**Work instruction**
Copy out precisely the lines from the start of the data through the line with "D. Alfonso XIII, Rey de España", and keep pictures out of it.

**Exercise data**
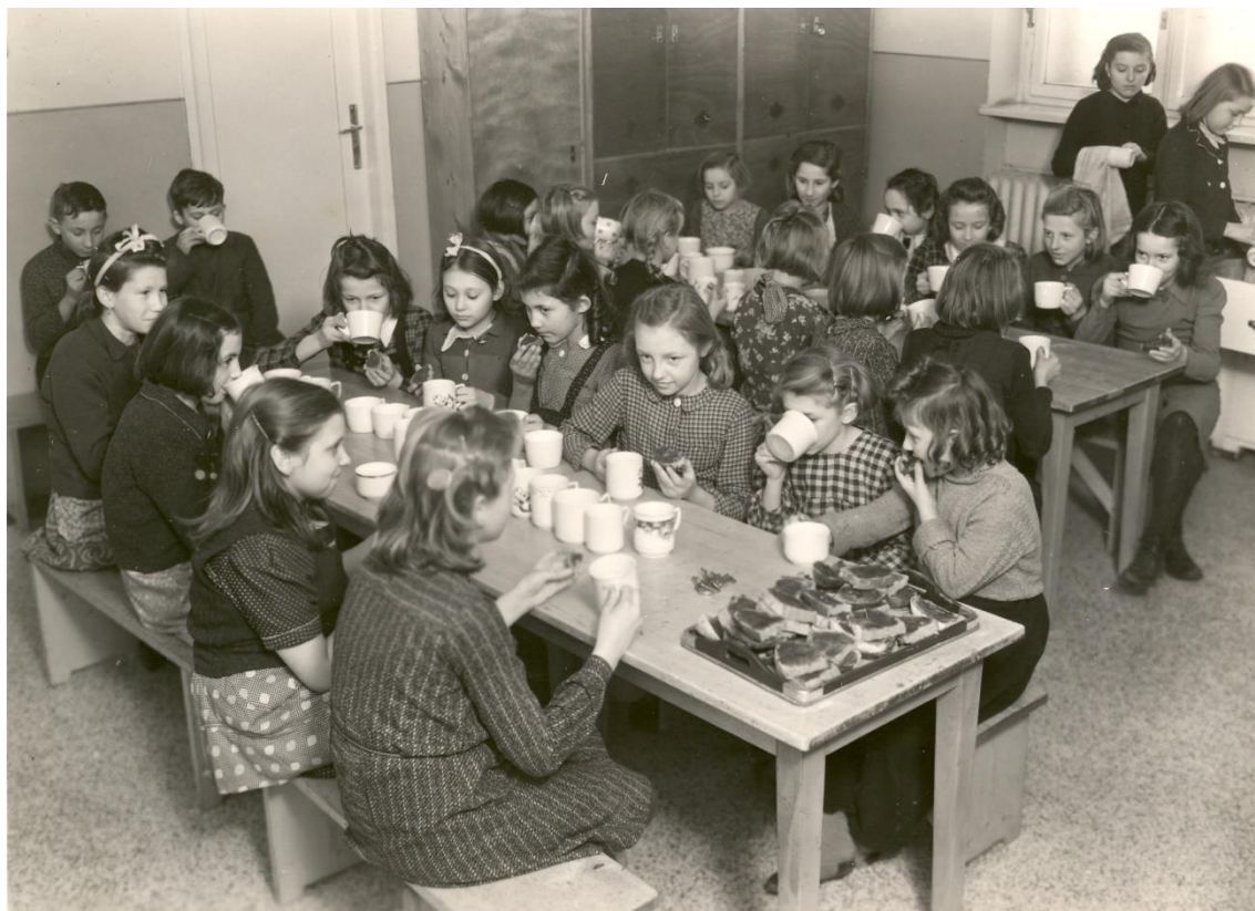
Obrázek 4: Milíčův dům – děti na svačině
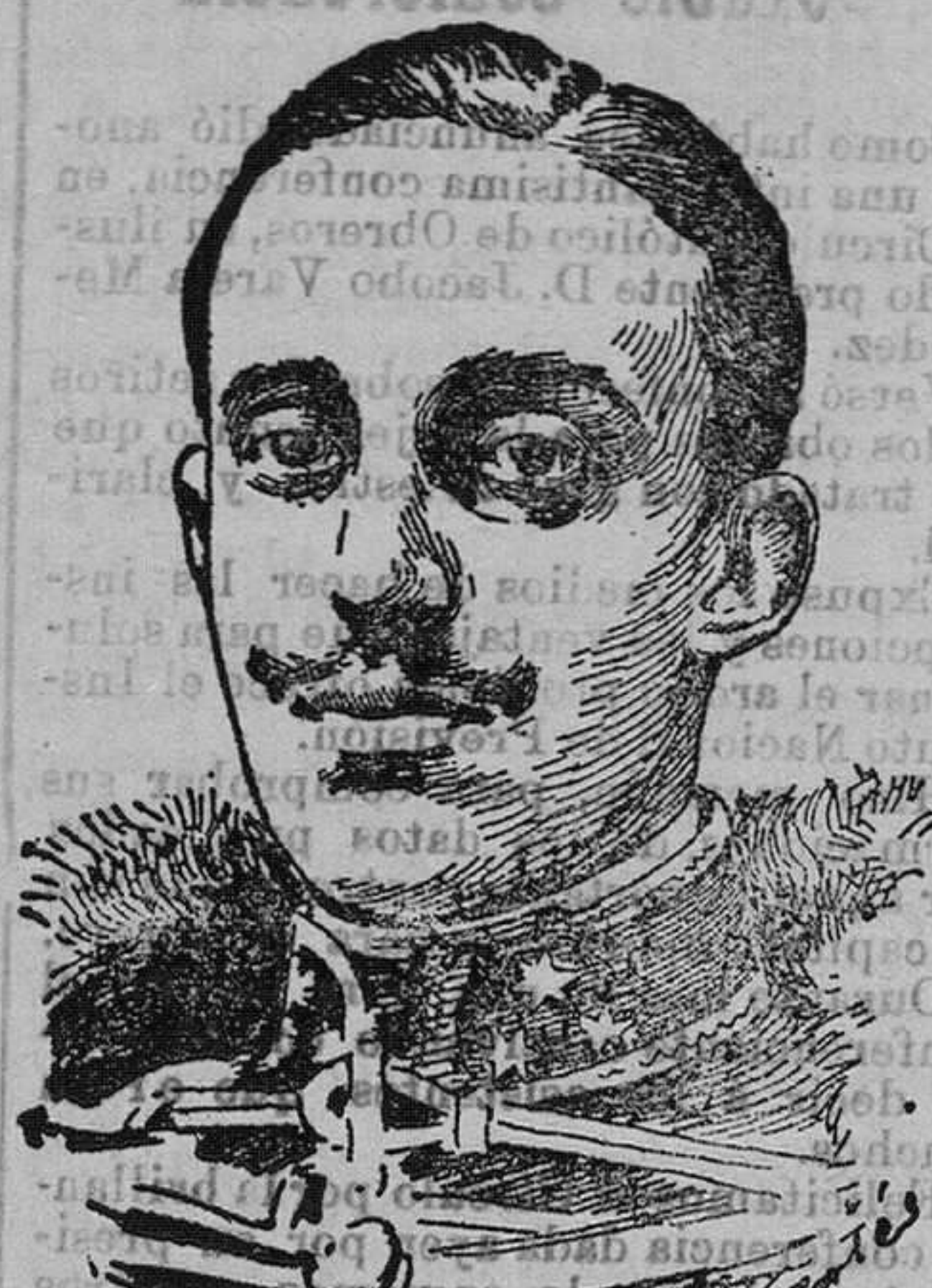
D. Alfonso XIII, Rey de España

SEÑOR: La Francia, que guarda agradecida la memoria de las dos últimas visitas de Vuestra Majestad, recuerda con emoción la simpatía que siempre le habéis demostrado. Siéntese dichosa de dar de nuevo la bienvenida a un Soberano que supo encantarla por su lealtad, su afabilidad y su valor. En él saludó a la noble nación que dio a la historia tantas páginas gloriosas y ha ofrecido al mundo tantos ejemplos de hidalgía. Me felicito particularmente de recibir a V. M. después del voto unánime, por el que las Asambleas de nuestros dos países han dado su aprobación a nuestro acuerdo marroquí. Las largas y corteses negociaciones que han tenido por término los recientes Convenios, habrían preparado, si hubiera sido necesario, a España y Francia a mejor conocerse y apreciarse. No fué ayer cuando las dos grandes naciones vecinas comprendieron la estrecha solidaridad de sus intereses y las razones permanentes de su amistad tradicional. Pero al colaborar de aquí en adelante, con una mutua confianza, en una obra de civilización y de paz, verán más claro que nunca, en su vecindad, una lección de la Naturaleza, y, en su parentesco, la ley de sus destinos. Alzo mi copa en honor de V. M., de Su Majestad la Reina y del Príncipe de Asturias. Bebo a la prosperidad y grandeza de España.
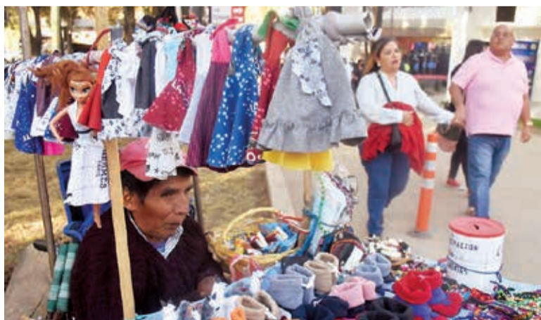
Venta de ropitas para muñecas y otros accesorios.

**Task answer**
Obrázek 4: Milíčův dům – děti na svačině
D. Alfonso XIII, Rey de España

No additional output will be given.